7.2.5 Description object presence attribute
Presence is a special attribute that was added to the model during development. This attribute is included in the specialised domain model for every description object that has any included specialised attributes and is treated in a special manner by the data entry presentation model. Presence has a value domain with value objects: ‘present’; ‘absent’; ‘not scored’; ‘no comment’. When an on ontology is imported, the system attempts to map an ontology ‘presence’ attribute (and relevant value objects) to the system presence attribute. If an ontology-based term can be mapped, then the exported descriptions will utilise it. If no mapping can be formed, the system will use a default in-built presence attribute.
The presence attribute is recorded for all description objects with specialised attributes. When the description object’s presence attribute is recorded with the value object ‘not scored’, no other data is recorded for its specialised attributes. When the description object is recorded as ‘absent’, no other data is recorded for its attributes and all description objects below it in the hierarchy are also recorded as absent.

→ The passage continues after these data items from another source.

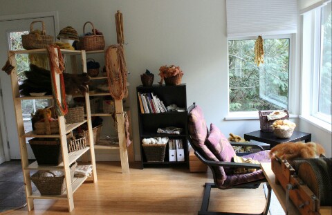 After months of planning, preparation, painting, and moving, my new space is officially open and ready to accommodate this mushroom person. The most stressful part of the whole transition was having to sort through all the fibre I’d accumulated in the eight years since I started spinning. As any fibre person will attest, a stash is not a static thing—it reproduces in the dark, silent hours, apparently exponentially, until it has occupied space in every room of the house. (Yes, even our guest bathroom had fleece spread out to dry on the floor.)
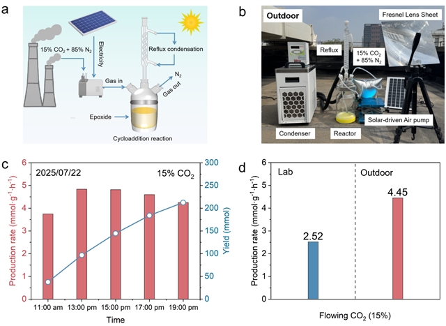 3. 放大体系及户外阳光实验验证了在模拟烟气条件下太阳能驱动CO2环加成反应的高效可行性。
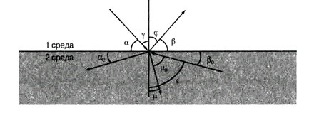 - угол между падающим лучом и поверхностью.
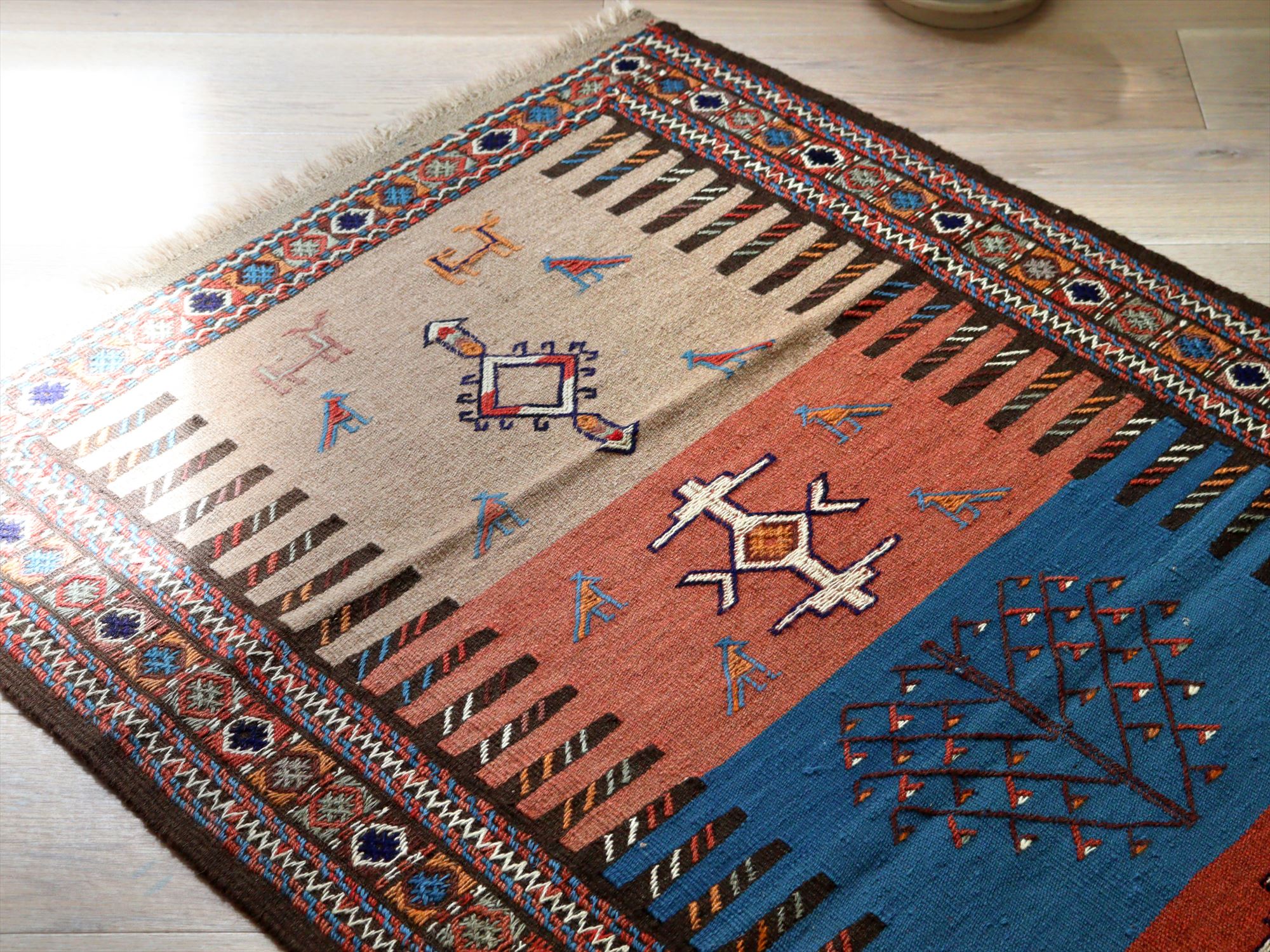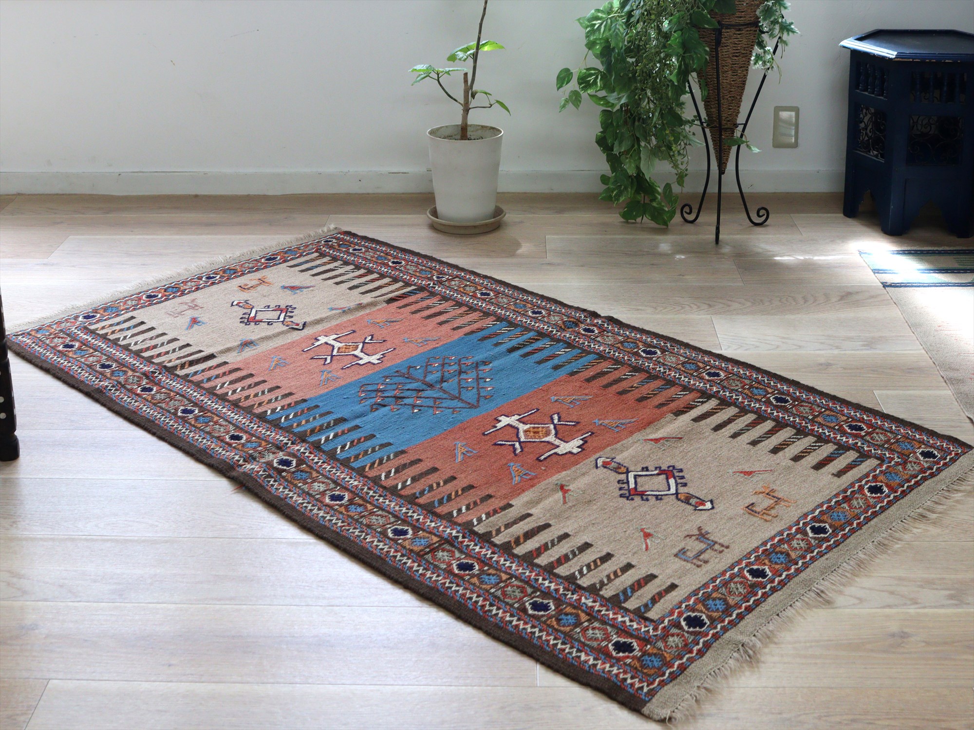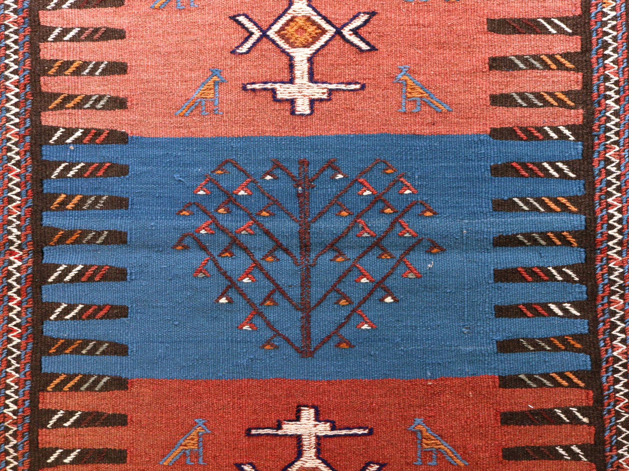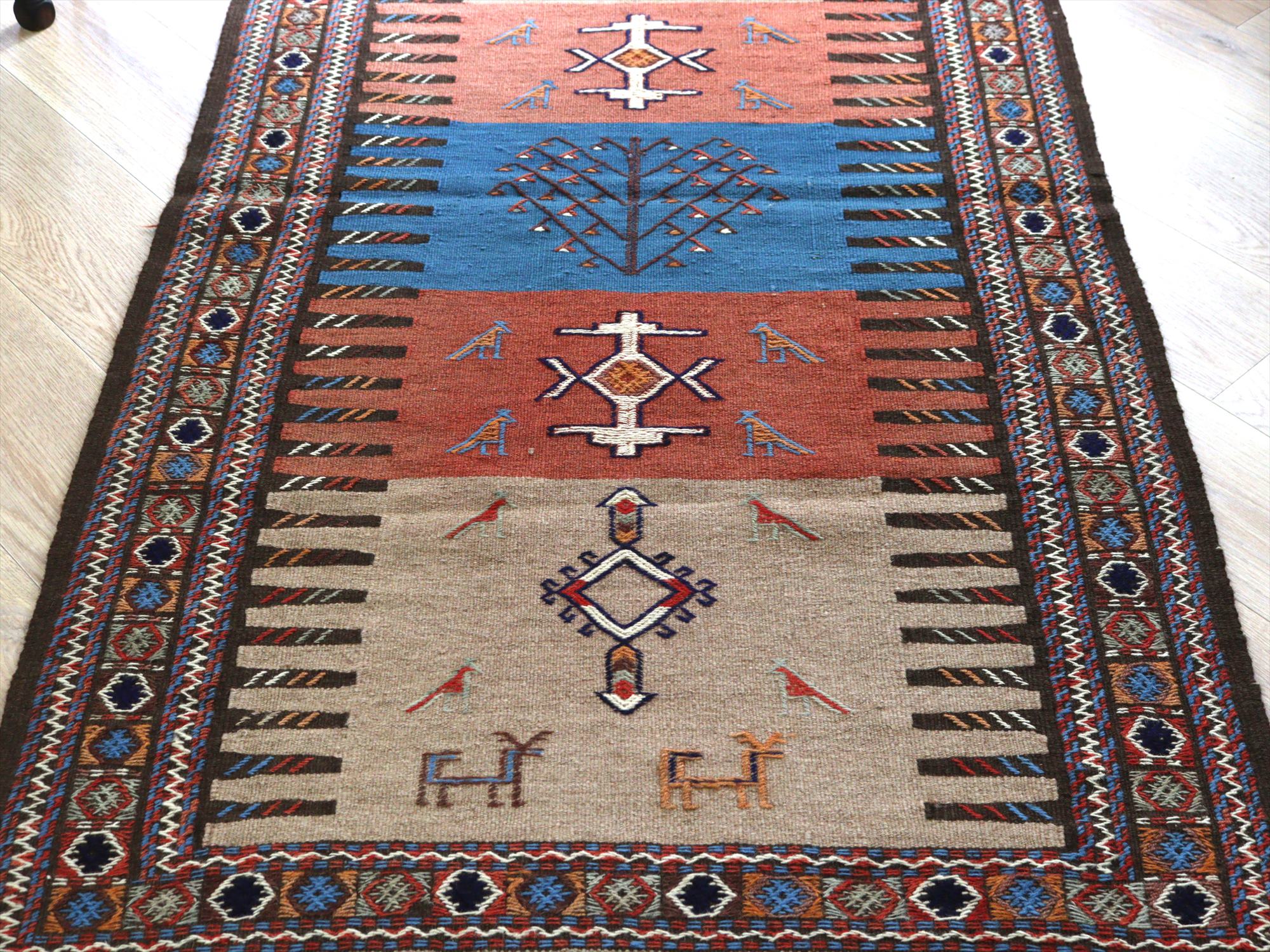 生命の樹やクジャク、ヤギなどが織られたグチャン族のキリム。ボーダー(額縁)部分には、幾何学モチーフが連なるように織られています。中央のブルーやレッド、ベージュベースの部分は平織りですが、モチーフはジジム織りで表現されています。 |
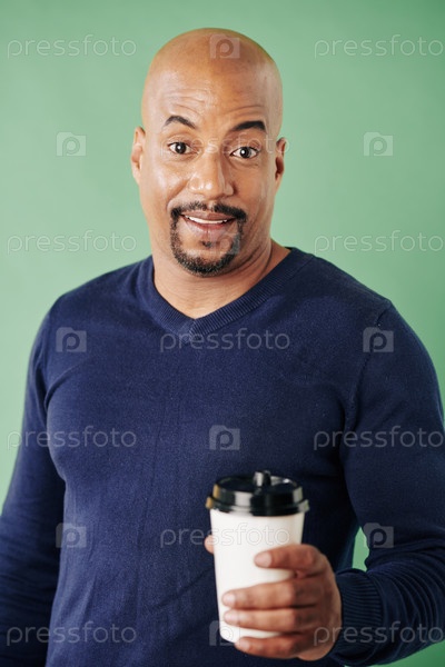 Счастливый человек пьет кофе

Enforcing the recording of presence aims to improve the clarity of the data. Similar to the reasons behind the ‘not scored’ statement (see above), this eliminates interpretative uncertainty when no data is recorded for a description object. It also ensures that the logic of the description object hierarchy relationships is reflected in recorded data. In addition to the automatically included presence attribute, users can specialise and include any ontology based presence attributes that would normally be supported by ontology relationships. These user specialised presence attributes do not have the same consequences, as their specialisation may have altered the concept so that the underlying logic no longer applies.